An image of a person fishing represents virtual screening.

A Hands-On Introduction to High Throughput Virtual Screening

The Schrödinger Online Learning Program has launched a new course called High-Throughput Virtual Screening for Hit Finding and Evaluation that teaches how industry-leading computational molecular modeling tools are used in High Throughput Virtual Screening (HTVS) to accelerate hit finding and evaluation. We spoke with Schrödinger’s Education Specialist, Dr. Abigail Emtage and Director of Education, Dr. Jennifer Chambers, to learn more about this course.

Can you briefly explain some of the core concepts a participant will learn in this course?

First and foremost, we wanted to make sure that participants in this course would walk away feeling empowered to run their own HTVS calculations on their own structures. With this in mind, we start the course highlighting the relevance of virtual screening, the differences between various kinds of virtual screening techniques, and the benefits of screening very large ligand libraries. Then, we review how to evaluate, test, and validate their starting structures — both the protein receptors and ligands. After this, participants will run a virtual screen on a 100K ligand library and then learn how to analyze the results, such as diversity analysis and clustering, and what computational techniques could come next. Finally, participants will put all these skills to use by performing a virtual screening campaign on a 2M ligand library and submitting two compounds for evaluation by Absolute Binding Free Energy Perturbation.

Is this course a good fit for participants who are new to molecular modeling as well as those who know computational methods? 

The HTVS course requires a working knowledge of Maestro — the platform used in the course.
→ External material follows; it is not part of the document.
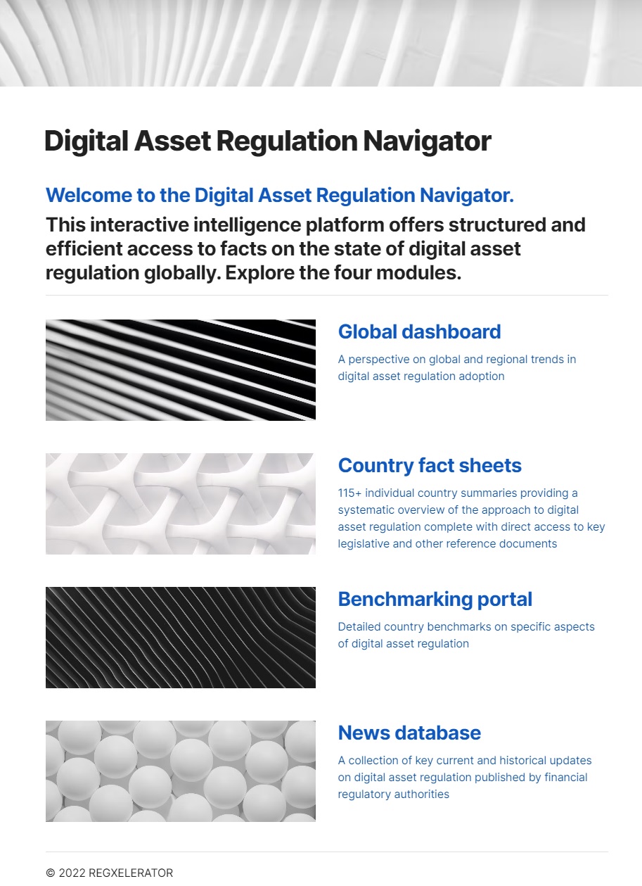 HAMILTON, Bermuda, November 1, 2022 (Newswire.com) - Today, financial regulatory intelligence and advisory startup firm Regxelerator is launching its new digital assets regulation navigator. The free interactive intelligence platform provides a comprehensive and structured fact base of the state of play of digital asset regulation on a global scale and comes complete with several key features, including:

That said, participants don’t need to be an expert in computational chemistry. In fact, this is an ideal course for a medicinal chemist who is familiar with Maestro and wants to advance their design skills. Course participants should also be comfortable with biochemical and drug design terminology, willing to dive into some light command line work, and be able to dedicate regular time to the course throughout the session. As several of the calculations that will be run in the course take a few hours to even a day to complete, this is not a course that participants can wait until the last minute to complete. That being said, we put this course together with a working scientist in mind. Through internal and beta testing, we have made sure to pace the course appropriately and allow sufficient time for a full-time worker or student to complete the content.

If someone who is new to Maestro wants to take this course, they can work alongside the videos in the Maestro Training Portal to get up to speed. 
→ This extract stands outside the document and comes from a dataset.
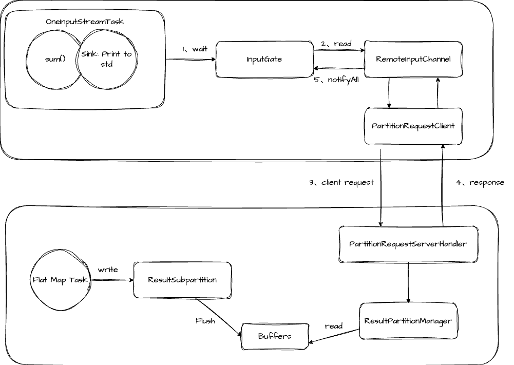 从图中可以看到,当 sum 所在线程没有 Buffer 可以消费时,会通过 PartitionRequestClient 向 Flat Map Task 所在的进程发送请求。Flat Map Task 所在进程接收到请求后,会读取 Buffer 中的数据并返回。

“Our goal is for participants to feel comfortable doing high-throughput virtual screening on their own systems, not just the systems used in this course.”

Can you describe how participants will use FEP+ in this course? 

The final module of the course gives participants the opportunity to work through a virtual screening case study and select hit compounds from ligand-based and structure-based screening results to take forward for absolute binding affinity prediction using FEP+. Course participants will generate force field parameters for their chosen compounds using Force Field Builder and then run the absolute binding FEP+ job. The final assignment involves uploading the output of the FEP+ job along with a brief discussion of the results and justification of hit choice.

What new skills can a participant expect to gain regarding HTVS once they finish the course?

Participants who complete the material in the HTVS course should expect to gain practical experience with setting up, validating, running, and analyzing the output of various calculations related to target validation, structure analysis, and virtual screening. They will also learn valuable post-processing techniques for digging into the results from virtual screens. Importantly, this course will also demonstrate several scenarios and highlight good questions to ask when applying to their own research. Our goal is for participants to feel comfortable doing high-throughput virtual screening on their own systems, not just the systems used in this course.

What’s next for Schrödinger Online Learning?

We have just launched Introduction to Computational Antibody Engineering which teaches how industry-leading computational molecular modeling solutions are used to aid in antibody discovery and design and how to incorporate these computational approaches into research projects. This course will also provide a chance to work hands-on with Schrödinger’s BioLuminate software. 

These courses fulfill a need that we’ve seen in both the academic and commercial fields. We’re excited to help scientists advance their knowledge in molecular modeling in a way that is flexible and fits a participant’s own schedule.